Double eyelid surgery and canthoplasty: why the combo costs less per result
Eye corner surgery is rarely done on its own. When clients search double eyelid surgery and canthoplasty cost, they are usually looking for the most complete eye transformation, and the combination is what delivers a genuinely larger, more balanced eye.
The reason a combined package costs less per result comes down to fixed costs. A single procedure still carries the full cost of preparing a sterile operating room, a one-time surgical instrument set, anesthesia, and the surgical team. Bundling double eyelid creation with a corner opening spreads those fixed costs across both procedures, which is why clinics can discount the add-on procedure by 30–50%.
For you, the combination delivers a double benefit: a more harmonious overall eye shape – since the lid crease and the corner are designed together rather than in isolation – and a single recovery period instead of two rounds of swelling and downtime. A combined double eyelid + canthoplasty package in Ho Chi Minh City typically lands in the 11,000,000–20,000,000 VND range, well below the sum of the two procedures bought separately.

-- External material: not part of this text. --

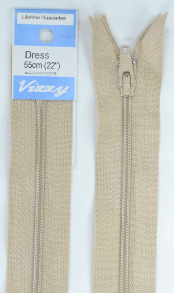 Vizzy Dress Zip, 55cm Colour 07 NATURAL, A Quality Brand Name Dress Zipper

→ Learn more at: Double eyelid surgery service at Keangnam Korea
Canthoplasty scars: will the inner corner show?
The fear behind almost every canthoplasty consultation is the scar. It is a fair concern, and the honest answer is that scarring depends far more on technique and aftercare than on luck.
A well-executed corner uses a micro-suture closure: the incision is hidden along the natural corner line, where the skin folds conceal it as it heals. In the first few weeks the corner may look slightly pink, which is normal and fades. Plasma scalpels reduce bleeding and tissue trauma, and cold-plasma light therapy during recovery helps disinfect the wound and speed cell regeneration, both of which keep the final scar minimal.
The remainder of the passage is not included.